Data items
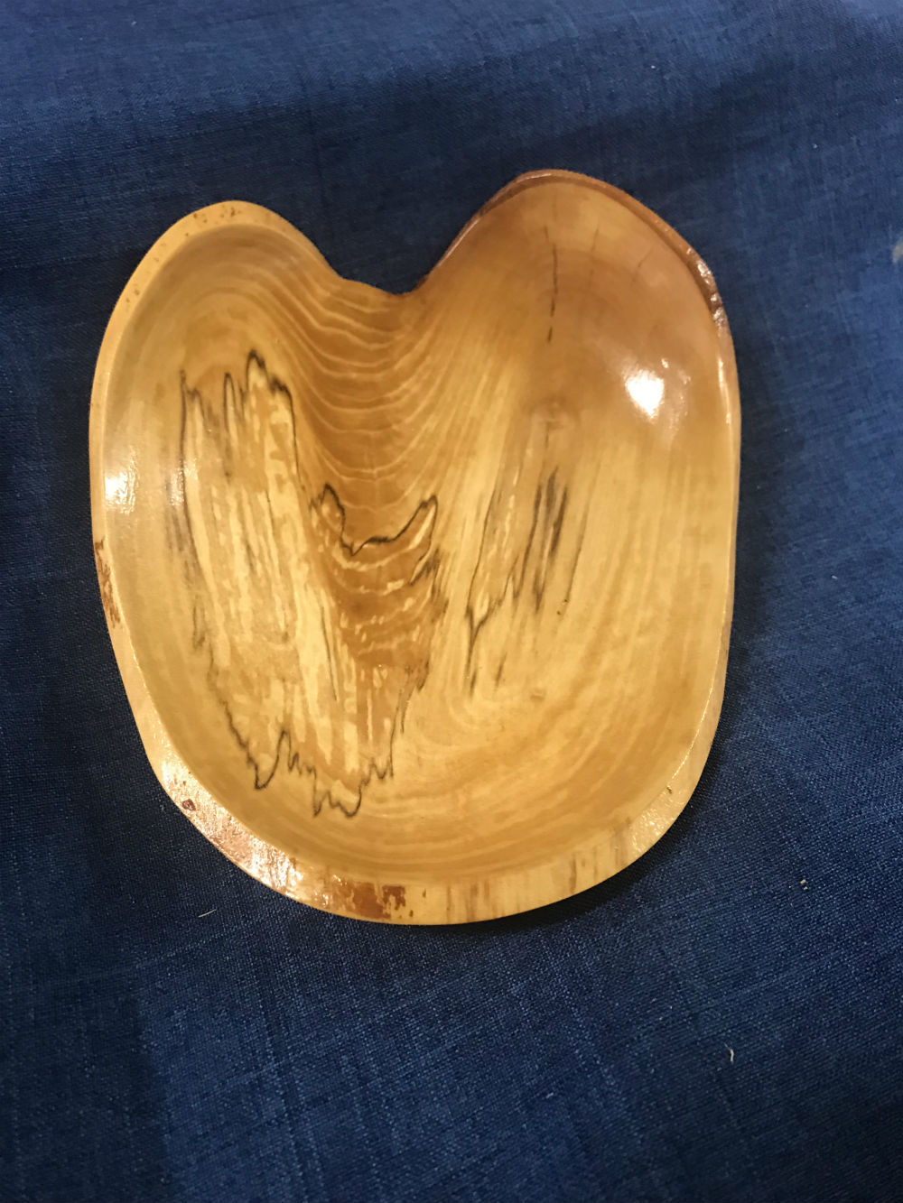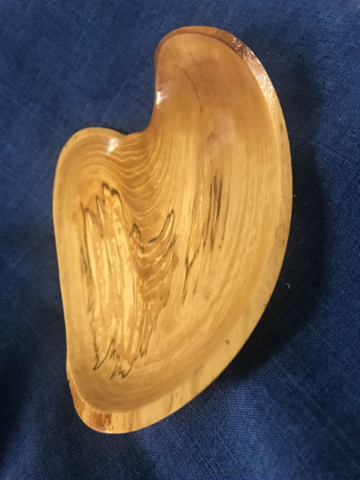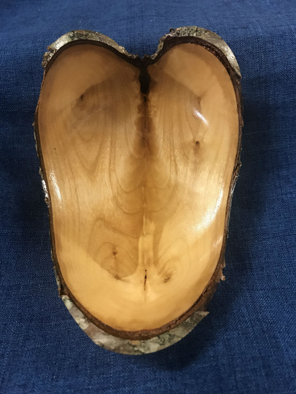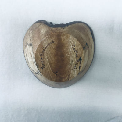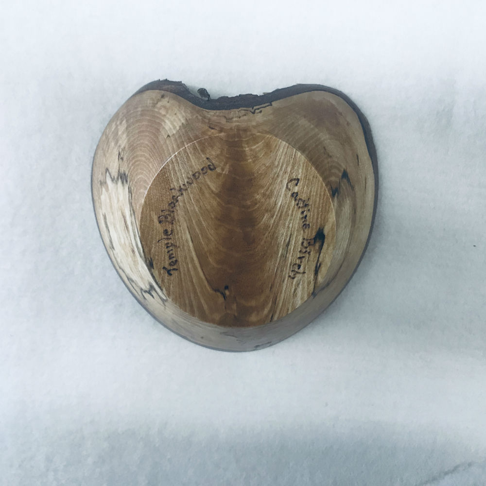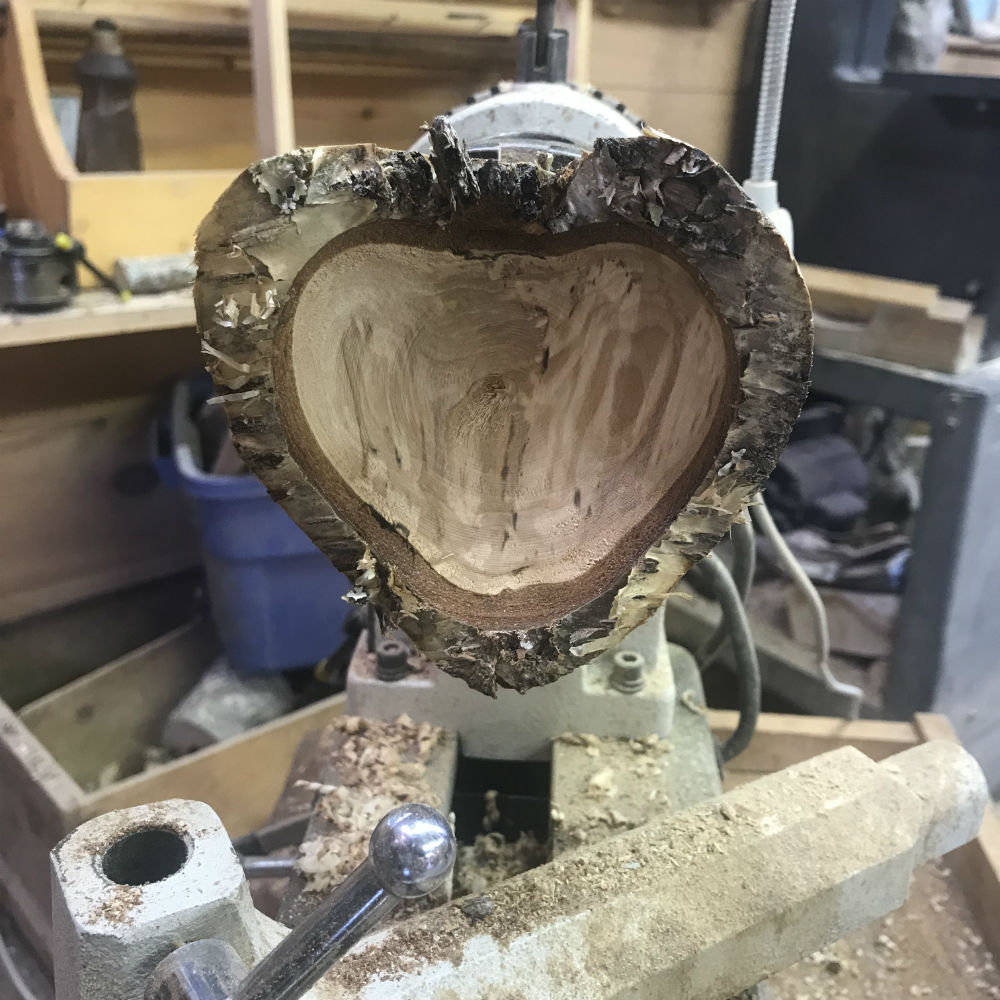 The heart shape, outlined in natural edge bark, enhanced by the deep and complex graining of the crotch limb of a birch from the woods, finished with naturally clear friction polish and wax addresses that search. The search for just the right piece of wood is ever-present for a project like this.
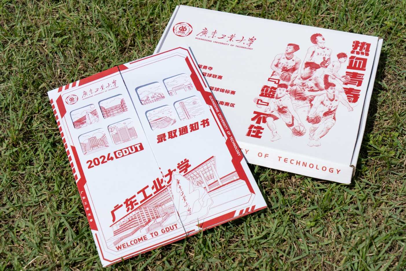 广工2024通知书礼盒整体采用红白灰的简约配色设计,礼盒以“热血青春‘篮’不住”为主题,封面展示广工高水平男子篮球队荣获第25届中国大学生篮球联赛(CUBAL)腾讯体育总冠军、亚洲大学生三对三篮球锦标赛冠军等荣誉,盒中赠送明星球员陈国豪的23号签名球衣,将“勇于拼搏、敢于胜利”的广工精神传递给新广工人,鼓励新生保持青春冲劲,矢志锐意进取。
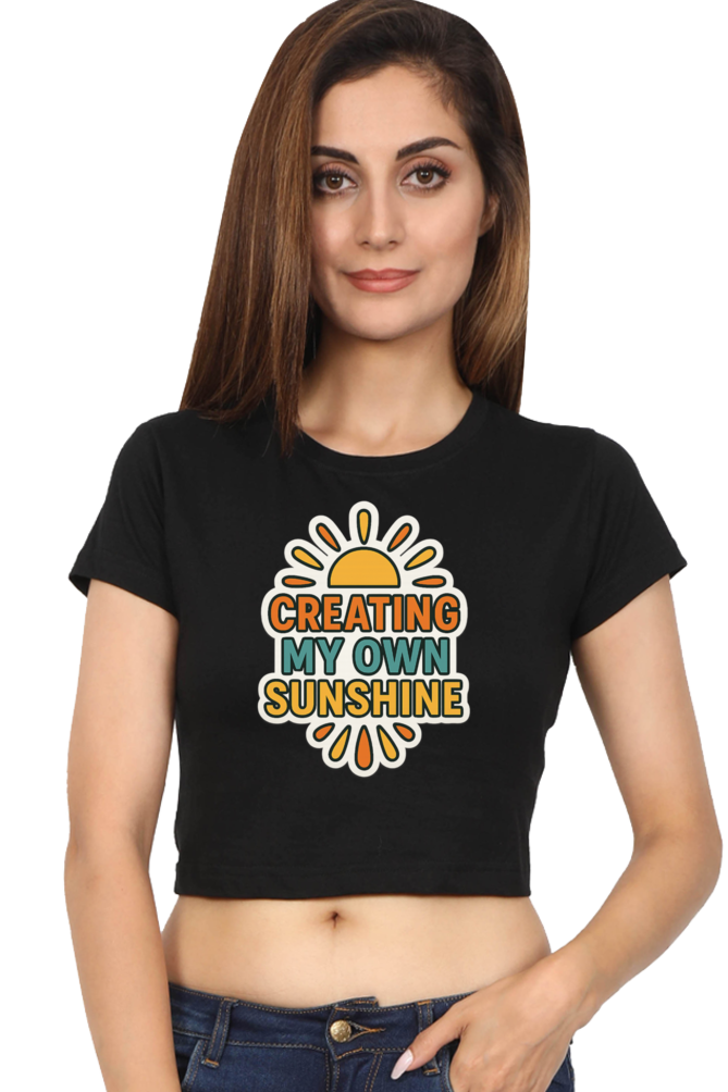 Women's "Creating My Own Sunshine" Printed Cotton Crop Top – 100% Cotton, 180 GSM, Feel-Good Fit
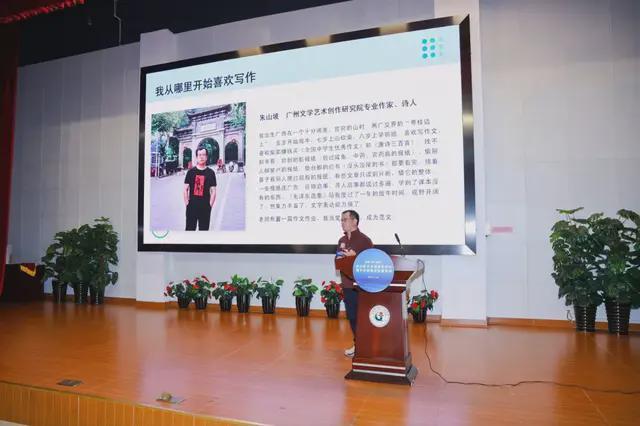 颁奖仪式后,活动进入了“文学名家进校园”环节。著名作家朱山坡以《我从哪里开始喜欢写作》为题,分享了他与文学结缘的心路历程,其真诚而智慧的讲述引发了在场师生的强烈共鸣。
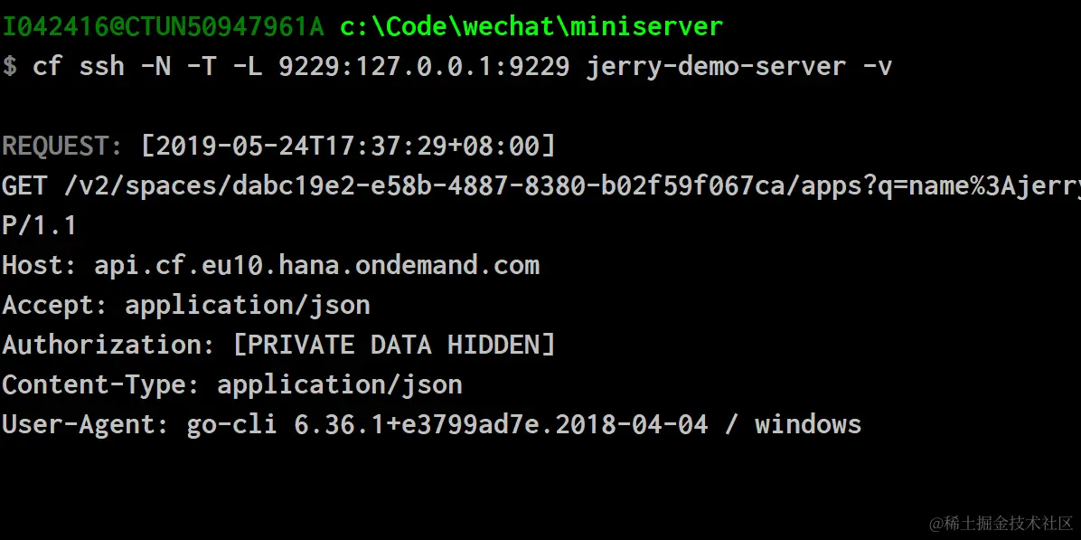 这个命令将CloudFoundry上远程应用的9229端口和本地9229端口上建立了一个SSH安全隧道。
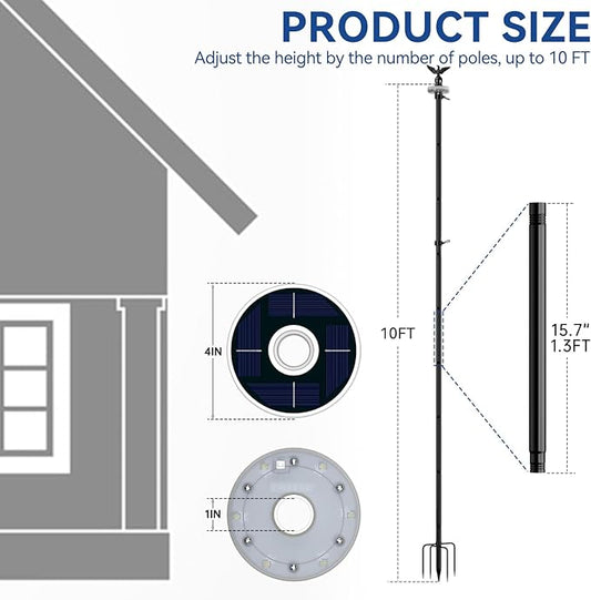 ZMTECH 10 FT Flag Pole in Ground with Solar Light, Heavy Duty Flag Pole Holder for Outside House with Solar Light and 5 Pronges Base, Flag Pole Kit for Outdoor Garden Decor(1 Pack,Without Flag)
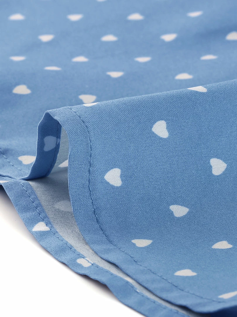 • Peter Pan Collar, Hearts Print, Button Cuffs, Lace Insert, Invisible Zipper, Waist dart
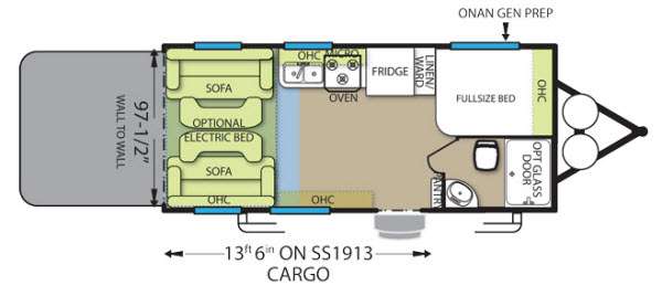 A rear ramp door on the Stealth SS1913 toy hauler travel trailer leads to over 13' of cargo space. The rear also holds a sofa with a table in front of it on each side wall. An optional electric bed may be added.

**WORK REQUIRED:** Exactly as they stand, the entries must be written out again, pictures excluded.

**COMPLETED TASK:**
 The heart shape, outlined in natural edge bark, enhanced by the deep and complex graining of the crotch limb of a birch from the woods, finished with naturally clear friction polish and wax addresses that search. The search for just the right piece of wood is ever-present for a project like this.
 广工2024通知书礼盒整体采用红白灰的简约配色设计,礼盒以“热血青春‘篮’不住”为主题,封面展示广工高水平男子篮球队荣获第25届中国大学生篮球联赛(CUBAL)腾讯体育总冠军、亚洲大学生三对三篮球锦标赛冠军等荣誉,盒中赠送明星球员陈国豪的23号签名球衣,将“勇于拼搏、敢于胜利”的广工精神传递给新广工人,鼓励新生保持青春冲劲,矢志锐意进取。
 Women's "Creating My Own Sunshine" Printed Cotton Crop Top – 100% Cotton, 180 GSM, Feel-Good Fit
 颁奖仪式后,活动进入了“文学名家进校园”环节。著名作家朱山坡以《我从哪里开始喜欢写作》为题,分享了他与文学结缘的心路历程,其真诚而智慧的讲述引发了在场师生的强烈共鸣。
 这个命令将CloudFoundry上远程应用的9229端口和本地9229端口上建立了一个SSH安全隧道。
 ZMTECH 10 FT Flag Pole in Ground with Solar Light, Heavy Duty Flag Pole Holder for Outside House with Solar Light and 5 Pronges Base, Flag Pole Kit for Outdoor Garden Decor(1 Pack,Without Flag)
 • Peter Pan Collar, Hearts Print, Button Cuffs, Lace Insert, Invisible Zipper, Waist dart
 A rear ramp door on the Stealth SS1913 toy hauler travel trailer leads to over 13' of cargo space. The rear also holds a sofa with a table in front of it on each side wall. An optional electric bed may be added.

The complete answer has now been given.